The framework layers are described in detail in the sections below. Each layer receives inputs and extra parameters from the layer above and provides outputs to the layer below. The layers also provide constraints \({\mathbb{C}}\) in the context of the task and the limits of the system. These constraints model the limits of a valid input to the respective layer (for example, the maximum admissible velocity). The state and model estimator updates and provides the world state w with the other components based on the percept vector Ω and internal models. Figure 4 provides an overview of the GGTWreP framework with its different layers.

  • The learning layer proposes parameters for the next episode in a learning process based on the parameters and quality metric of the previous episode.

  • The skill state layer controls a state machine that governs the discrete behaviour of the system.

  • The policy layer holds a set of (in general) ordinary differential equations embedded into a graph structure, which produce coordinated twist and wrench commands.

  • The control layer implements a unified force and impedance controller that is fed by the policy layer commands and provides desired motor commands for the system layer. This layer also contains safety mechanisms to meet the system and process constraints. It also contains safety mechanisms that ensure that the system and process constraints are fulfilled.

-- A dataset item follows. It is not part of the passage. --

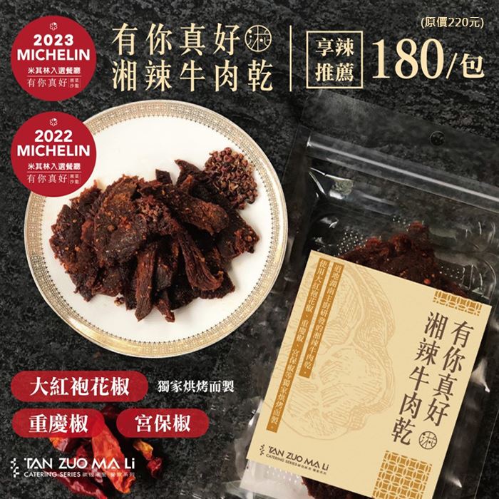 湘辣牛肉乾(100g/包)結帳現折25元原價$220特價$180
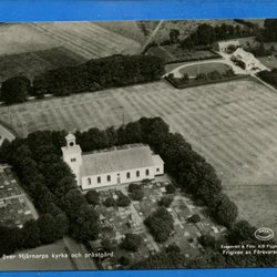 Flygfoto över Hjärnarps kyrka och prästgård

  • The system layer is the lowest layer. It sends motor commands from the control layer to the robot hardware. It provides the current robot state to the other layers.

Objects

A skill is instantiated through objects \({\mathcal{O}}\) that define the environment relevant to the skill, which is like the definition of manipulation processes introduced above. Note that all skills also contain an end effector as a default object. It has the handle EE.

Learning layer

The learning layer executes a learning algorithm that proposes a parameter candidate \({{\bf{\uptheta }}}_{i+1}\in {\mathbb{D}}\) for episode i + 1 based on the parameters θi and quality metric \({{\mathcal{Q}}}_{i}\) of the previous episode i and passes the candidate to the skill state layer. \({\mathbb{D}}\) is the parameter domain and is informed by the constraints \({\mathbb{C}}\). The learning layer is represented by the functional mapping:

$${f}_\mathrm{l}:{\mathbb{D}},{{\bf{\uptheta }}}_{i},{{\mathcal{Q}}}_{i}\to {{\bf{\uptheta }}}_{i+1}.$$

(7)

Skill state layer

The skill state layer contains a discrete two-layered state machine that consists of four skill states: initial state s0, policy state sπ, error state se and final state s1. s0 denotes the beginning, s1 is active at the end, se represents the end state if an error occurs, and sπ activates the policy layer. Three transitions govern the switching behaviour at the top level of the state machine. They directly implement the boundary conditions from the process specification introduced above. Additionally, some of the default conditions come from the physical realities of the robot system:

  • The default precondition \({{\mathcal{C}}}_{\text{pre},0}=\{{{{T}}}_{{\rm{EE}}}\in \text{ROI}\}\) states that the robot has to be within a suitable region of interest (ROI) depending on the task at hand.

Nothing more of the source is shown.